Dans les dispositifs RAI, les modalités d’enseignement au niveau 2 sont voisines de celles qui sont recommandées pour tous au niveau 1 mais elles sont encore plus répétitives et multiplient les occasions de s’exercer. Elles réduisent encore plus la complexité des tâches proposées au niveau 1 et accentuent le modelage procédural par l’enseignant. Les élèves, moins nombreux, bénéficient de plus de feed-back immédiats.
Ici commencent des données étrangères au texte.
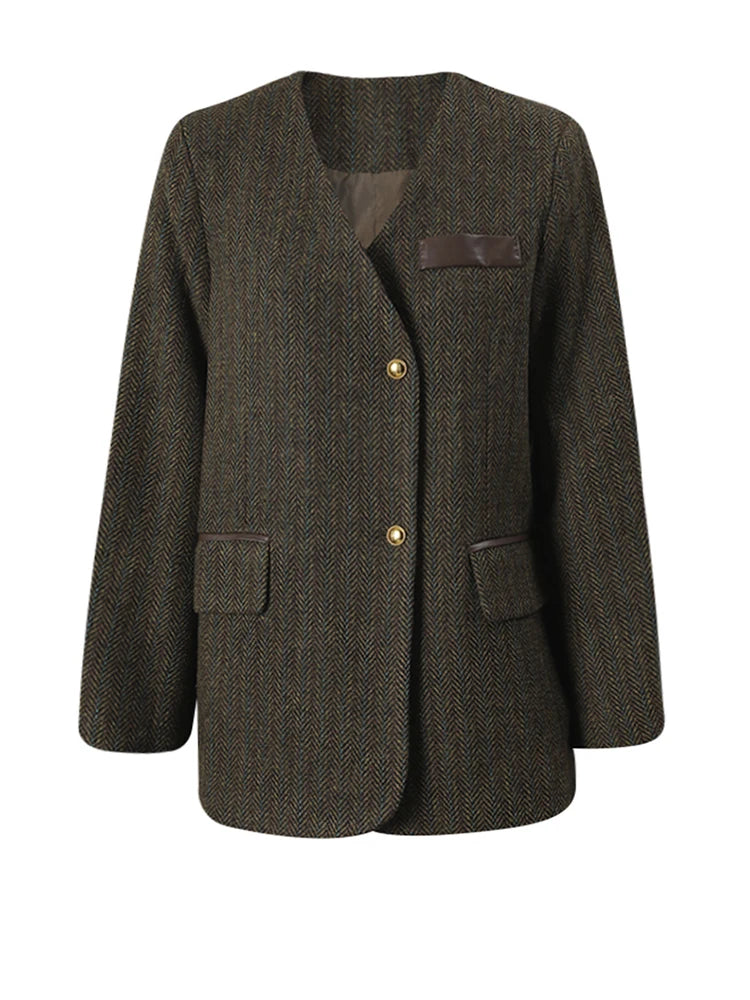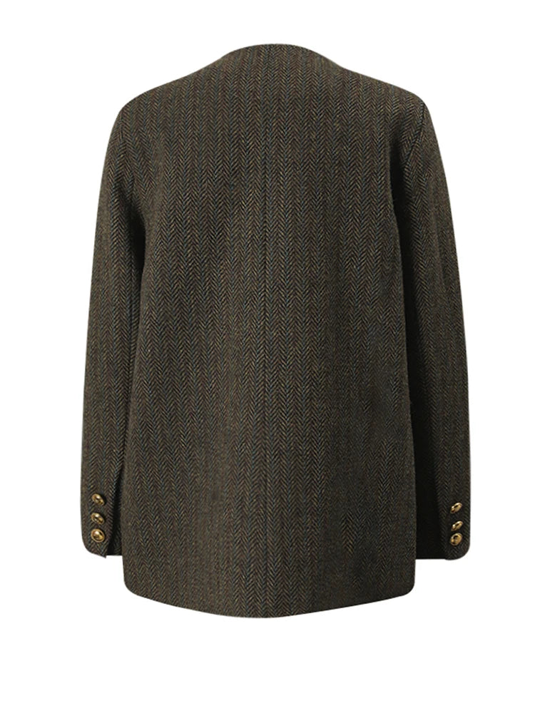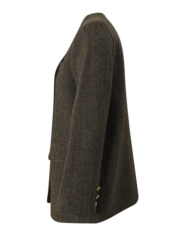 Oversized Collarless Blazer in Coffee
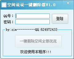 zimQQ一键批量删除工具是一款能批量删除QQ空间说说的小工具,您只需要一键登录,选择相应的说说,单击删除即可,欢迎下载使用。
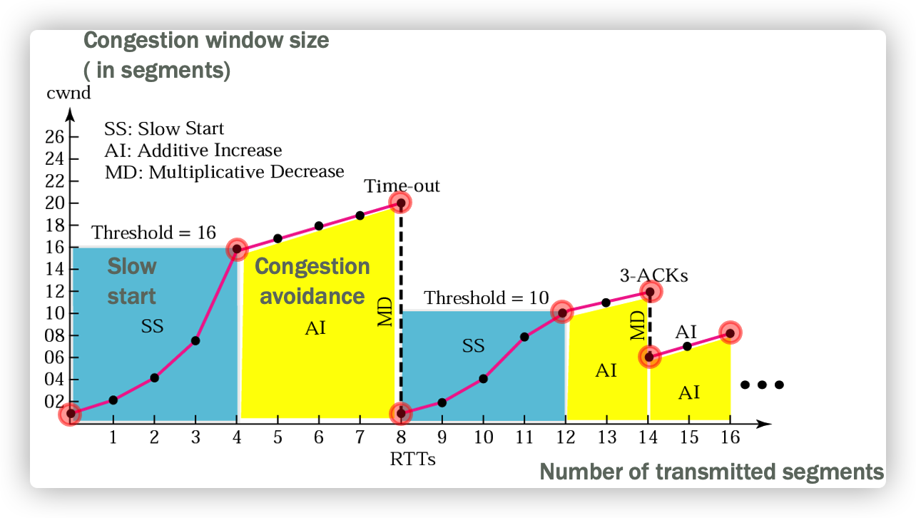 • 超时:ssthresh降为原来的一半,窗口 cwnd = 1,执行慢启动过程
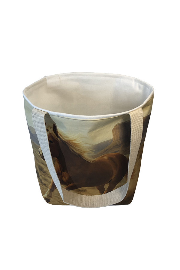But beauty is not merely skin-deep. This Handmade Designer Haflinger Galloping Tote Bag boasts functionality as impressive as its aesthetics. The exterior fabric, carefully chosen for its durability and resilience, ensures that your belongings remain secure and protected during your travels. Meanwhile, the spacious interior, lined with 100 percent cotton white twill, provides a soft and luxurious sanctuary for your essentials. As your fingers trace the bag’s contours, you’ll appreciate the thoughtful details woven into its construction. The one-and-one-half-inch-wide natural cotton strap, meticulously stitched to perfection, offers both comfort and durability, effortlessly accommodating the weight of your belongings while adding a touch of rustic charm to the ensemble.
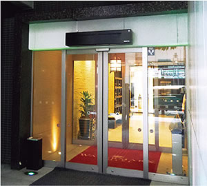 繁華街のなかに立地する当ホテルは、オープン当初から周辺の飲食店から飛んでくる虫への対策として、防虫エアカーテンを導入しました。
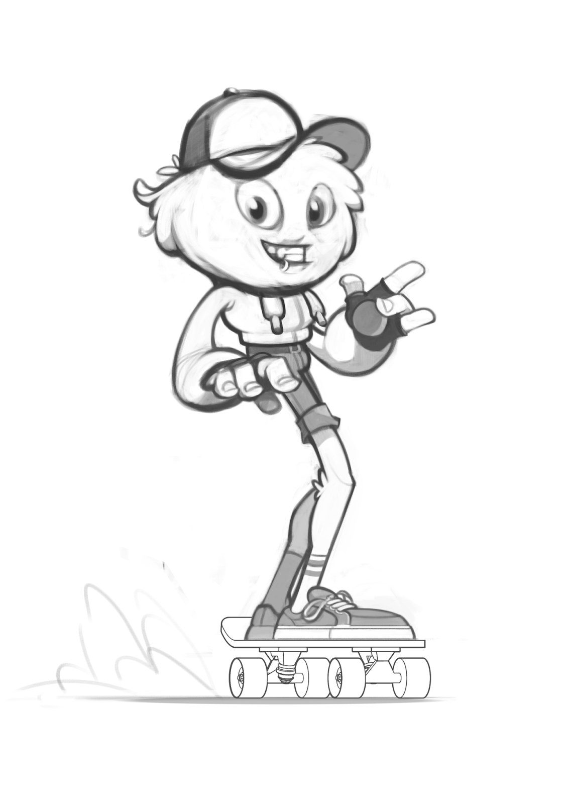 here is character i did that will be the official mascot for the local skate magazine "SWITCH", they wanted something cute and fluffy riding a skateboard :)

Interroger le ministère de l’Éducation nationale
Les représentants des personnels enseignants doivent rapidement interroger le MEN : ce dispositif sera-t-il obligatoire à la rentrée prochaine ? Les outils de remédiation seront-ils imposés ?
Comment les enseignants trouveront-ils le temps de procéder à de tels ateliers de remédiation ? Les ateliers RAI vont-ils se dérouler pendant les 24 heures hebdomadaires ?
– Dans ce cas, que feront les autres élèves pendant ce temps ? Vont-ils passer leur temps à un travail solitaire sur fiche ?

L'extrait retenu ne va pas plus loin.